In case others are interested:

I raised the thread-pool thread-max to 300 and the server-default thread-max to 
1024.

I'm still interested in hearing if and how they are connected, but for now 
we've hadn't seen the freeze for over a week.

Regards,
Jens Dueholm Christensen
Rambøll Survey IT

From: resin-interest-boun...@caucho.com 
[mailto:resin-interest-boun...@caucho.com] On Behalf Of Jens Dueholm 
Christensen (JEDC)
Sent: Friday, March 02, 2012 10:11 AM
To: General Discussion for the Resin application server
Subject: Re: [Resin-interest] Problems with rollover of logfile with log4j 
1.2.16 and AsyncAppender

Hi Scott

Thanks for that suggestion.

However I'm a bit confused about what thread-max to change - our resin.conf 
looks like this:

<resin>
  <thread-pool>
    <thread-max>150</thread-max>
    <spare-thread-min>5</spare-thread-min>
  </thread-pool>
  <cluster-default>
    ...
  </cluster-default>

  <cluster id="xact-cluster">
    <server-default>
      <thread-max>512</thread-max>
      <thread-idle-min>10</thread-idle-min>
      <thread-idle-max>20</thread-idle-max>
      <keepalive-max>800</keepalive-max>
      <keepalive-timeout>10s</keepalive-timeout>
    </server-default>
  </cluster>
</resin>

The documentation is IMO not quite clear on how the "thread-pool thread-max" is 
connected to a "server-default thread-max", so a reccomendation would be 
appriciated.

Regards,
Jens Dueholm Christensen
Rambøll Survey IT
From: resin-interest-boun...@caucho.com 
[mailto:resin-interest-boun...@caucho.com] On Behalf Of Scott Ferguson
Sent: Thursday, March 01, 2012 7:00 PM
To: resin-interest@caucho.com
Subject: Re: [Resin-interest] Problems with rollover of logfile with log4j 
1.2.16 and AsyncAppender

Increase your thread-max for now. The 4.0.26 thread redesign will avoid this 
problem.

Basically, the log rollover is asking for a new thread at the same time as 
you're hitting thread-max, so it's getting stuck.

-- Scott


On 02/28/2012 08:37 AM, Scott Ferguson wrote:
On 02/28/2012 01:27 AM, Jens Dueholm Christensen (JEDC) wrote:
Hej Knut

Thanks for the link. In my somewhat extensive googling I havn't seen that page 
before.

It seems to confirm what is beeing said on 
http://www.simonsite.org.uk/#activeasync about fallback to synchronous logging 
if an exception is thrown.

This brings an interesting question to mind:

Can Resins logrotation somehow provoke an exception at the moment the logfiles 
are rotated, that causes log4j to fall back to synchronous logging?
Ie. if a buffer is attempted flushed while the backing file is unavailable?
Or the backend file is closed and reopened during a flush?

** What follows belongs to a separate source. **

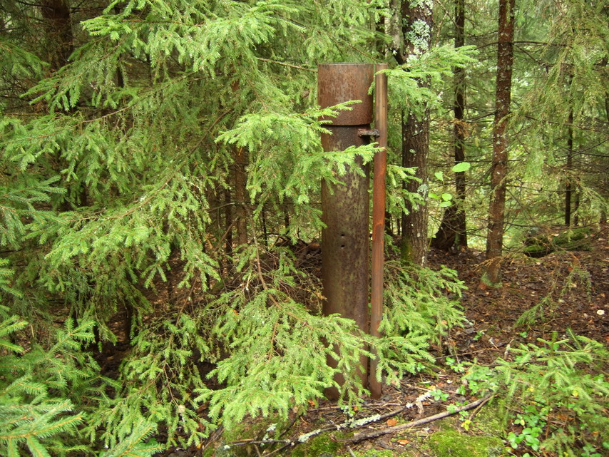 Дело все в том, что данная " труба для буровых скважин" находится на покрытии дота. Вряд ли там собирались добывать нефть. Диаметр ее сантиметров 15, толщина стенки около сантиметра ( чуть меньше)

It should just be delayed, presumably for longer than some assumption of log4j.


The way log4j all of a sudden blocks (and with full buffers that are never 
flushed) seems to indicate that it has encountered an exception of some kind, 
so again I'd be happy for any comments from Caucho on this.

Well, it's a log4j issue, so I can only comment after I've debugged their code. 
(And the upcoming 4.0.26 release means that's still a day or two away.)

-- Scott



Oh yes - last night we saw it happen again. Our world ground to a halt with 
stacktraces showing the exact same as those in my original post. This was after 
a quiet weekend where we didn't encounter the problem once.

Regards,
Jens Dueholm Christensen
Rambøll Survey IT

From: 
resin-interest-boun...@caucho.com<mailto:resin-interest-boun...@caucho.com> 
[mailto:resin-interest-boun...@caucho.com] On Behalf Of Knut Forkalsrud
Sent: Monday, February 27, 2012 7:33 PM
To: General Discussion for the Resin application server
Subject: Re: [Resin-interest] Problems with rollover of logfile with log4j 
1.2.16 and AsyncAppender

You may find the discussion in 
http://glueclue.blogspot.com/2007/01/log4j-asyncappender-is-not-always_31.html 
useful.

Knut Forkalsrud


On Mon, Feb 27, 2012 at 00:16, Jens Dueholm Christensen (JEDC) 
<jens.dueh...@r-m.com<mailto:jens.dueh...@r-m.com>> wrote:
Bump? :)

Regards,
Jens Dueholm Christensen
Rambøll Survey IT

-----Original Message-----
From: 
resin-interest-boun...@caucho.com<mailto:resin-interest-boun...@caucho.com> 
[mailto:resin-interest-boun...@caucho.com<mailto:resin-interest-boun...@caucho.com>]
 On Behalf Of Jens Dueholm Christensen (JEDC)
Sent: Tuesday, February 21, 2012 9:01 PM
To: General Discussion for the Resin application server
Subject: Re: [Resin-interest] Problems with rollover of logfile with log4j 
1.2.16 and AsyncAppender

Hi Scott

I'd really appreciate it, if you took the time to do that - I (and my 
coworkers) really quite baffled.

We have had an increase of activity and load on the system during the last few 
weeks (more users and utilization, so nothing alarming), and now this problem 
has manifested itself, and I've never seen it before.

My understanding of what's happening is that the blocking thread is waiting for 
an empty buffer so it can flush it's own full buffer, but that notification 
never comes.

As the source for log4j shows the thread has called wait() on an ArrayList (the 
full buffer), and something has gone wrong, but what?

We've seen it happen 3 or 4 times during the last week - always a few minutes 
after midnight when Resin performs its logrotation.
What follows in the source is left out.